--- Task instructions ---
Drop the pictures; give again exactly the lines from the one holding "After 3 weeks of Egusin® supplementation" through the end of the data.

--- Information supplied ---
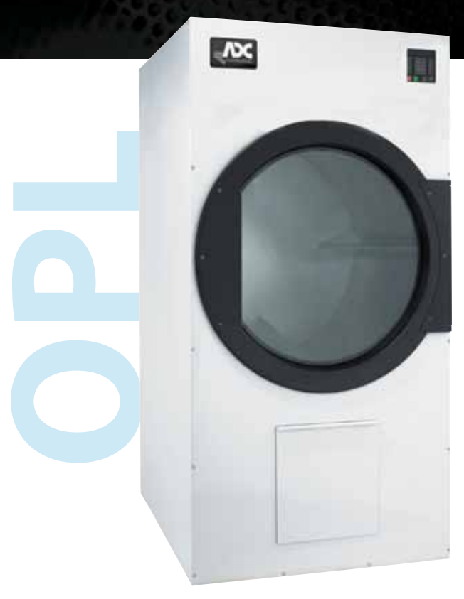
AD-115 OPL Dryer
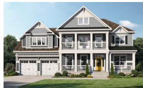
Kramer $605,900 3,167 - 4,277 Sq. Ft. 3 - 6 BR | 2.5 - 4 BA | 2 STORY
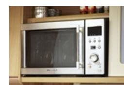
Stainless steel 800 watt microwave oven
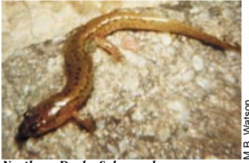
Northern Dusky Salamander

seeps, springs and small streams. About 10 to 20 eggs are deposited from June to July in cavities under rocks, logs, leaves, or mosses close to water. Nests are guarded by the female and eggs hatch in late summer or early autumn. Larvae transform into juveniles in about one year.
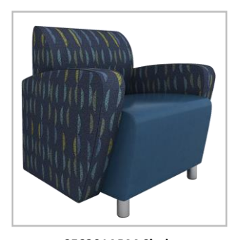
SF6201ARM Chelsea Armchair
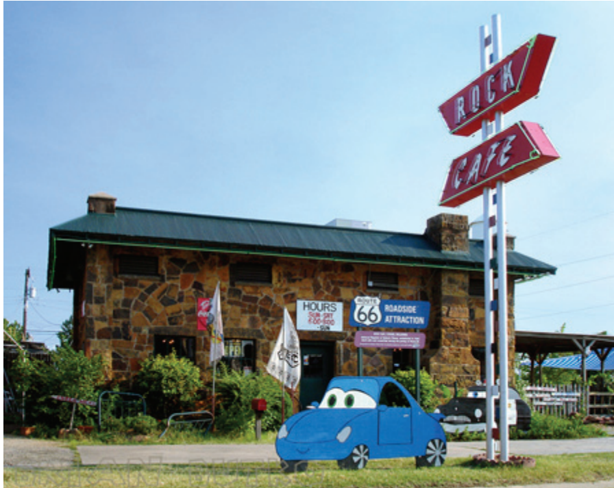
A cutout of Sally from the Disney/Pixar movie Cars in front of the Rock Café

the optimistic Sally character that championed Radiator Springs and introduced McQueen to the joys beyond the self-centered pursuit of glitz and glam.
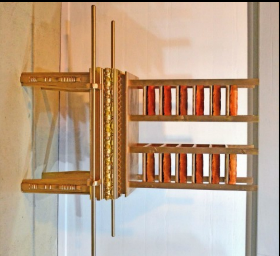
The Table of Shoubread
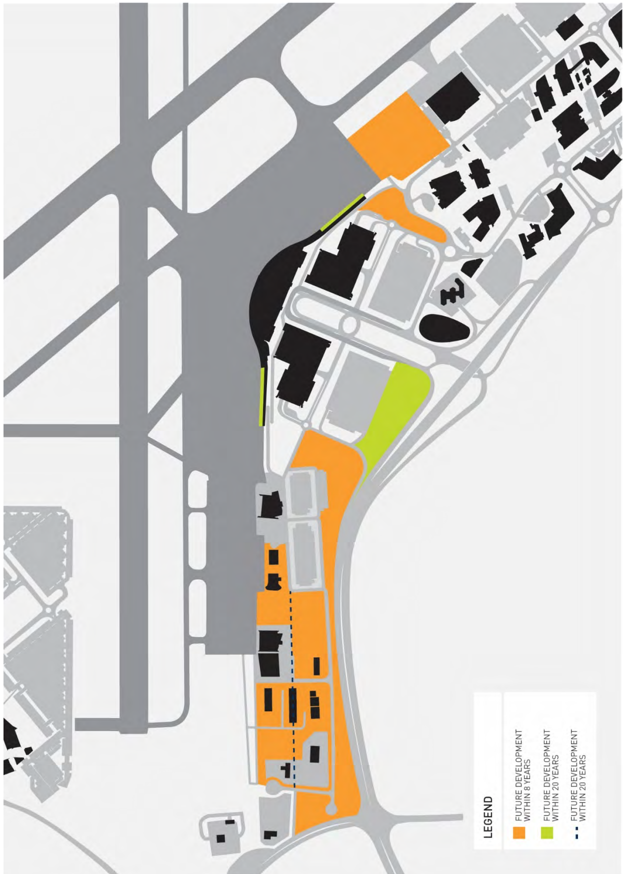
Figure 8.2 - Terminal and Pialligo precinct
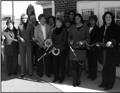
O'Donnell & Associates Tax Preparation & Bookkeeping, LLC
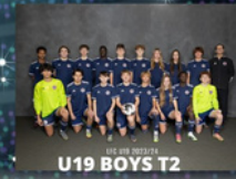
U19 BOYS T2
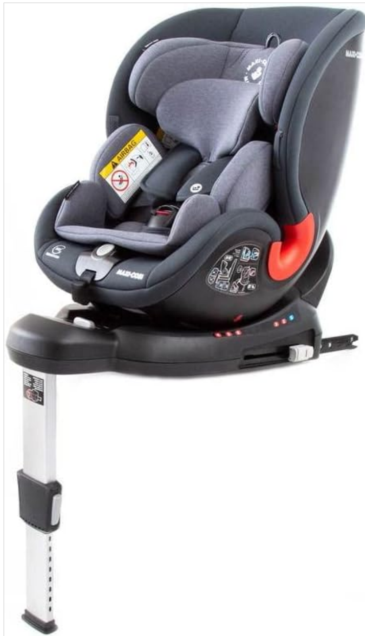
Figure 5.3: Front-side view of the car seat in a reclined position.
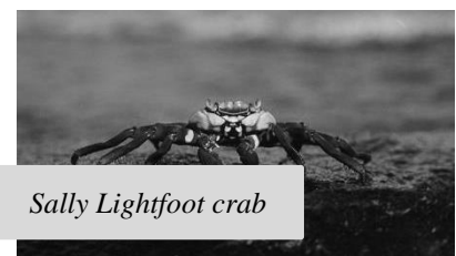
Sally Lightfoot crab
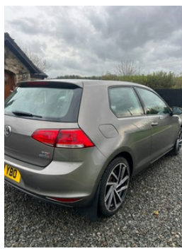
Recently serviced, MOT until 11th March 2025
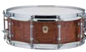
Bubinga Gloss - Z4
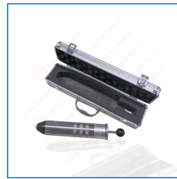
IK01-06 Spring Impact Hammer IK Level Tester
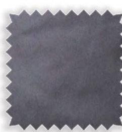
Grey / Orange
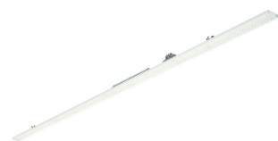
Maxos Fusion Panel-LL523X WB WH
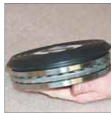
Ball bearing for turning plate
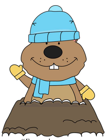
"Everywhere, creatures Are falling asleep..." Dr. Seuss, The Sleep Book

How do animals make it through an Ohio winter? Do they hibernate? Woodchucks (AKA groundhogs or whistle pigs) do! Woodchucks are one of the few animals in Ohio that go into true hibernation. They can drop their body temperature from a normal 99 degrees to 37 degrees in hibernation! Compare that to humans. We go into mild hypothermia at a loss of a mere 3 degrees and lose consciousness at 82 degrees. Quite different from woodchucks.
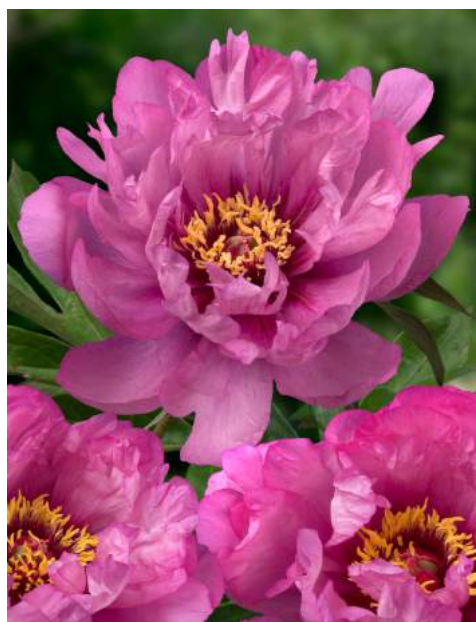
itoh First Arrival (1986) Early | Pot
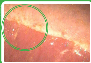
After 3 weeks of Egusin® supplementation

Provided a healthy environment for lesion healing which promoted resolution of the ulcer issue
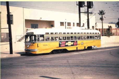
Figure 3: Prototype Photo - LAMTA 3126 (above).
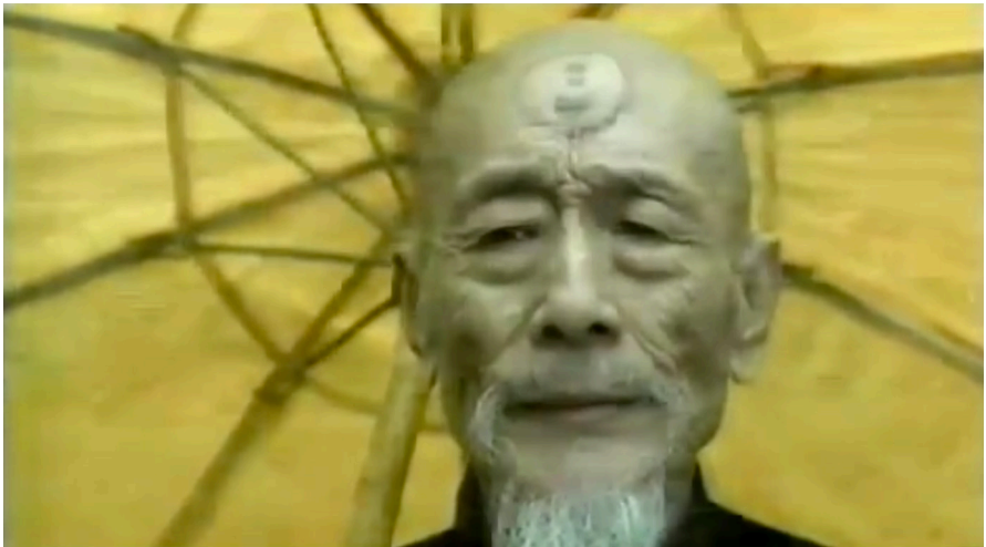
Fig. 7: The master, KUNG FU PEPSI CRUSH, film still (00:00:21).

them to remember the relevant product. Religious symbolism within the narration makes connections to well-known symbol systems and specific values. Furthermore, both commercials refer to conventionalised film forms: the HAVE A GREAT BREAK commercial refers to music videos and the KUNG FU PEPSI CRUSH commercial to martial arts films.
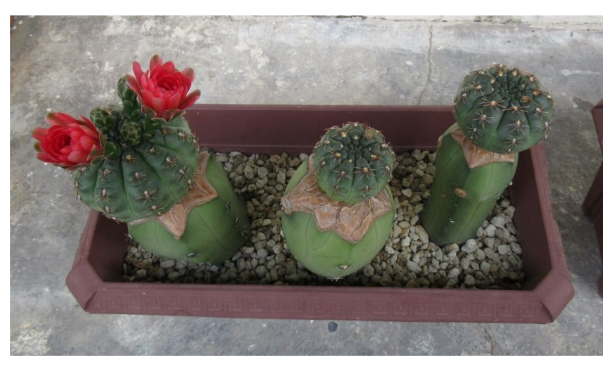
2019CBA three days later. The buds on 2019A and 2019B are just visible. (Sep 2020)

--- Task output ---
After 3 weeks of Egusin® supplementation

Provided a healthy environment for lesion healing which promoted resolution of the ulcer issue
Figure 3: Prototype Photo - LAMTA 3126 (above).
Fig. 7: The master, KUNG FU PEPSI CRUSH, film still (00:00:21).

them to remember the relevant product. Religious symbolism within the narration makes connections to well-known symbol systems and specific values. Furthermore, both commercials refer to conventionalised film forms: the HAVE A GREAT BREAK commercial refers to music videos and the KUNG FU PEPSI CRUSH commercial to martial arts films.
2019CBA three days later. The buds on 2019A and 2019B are just visible. (Sep 2020)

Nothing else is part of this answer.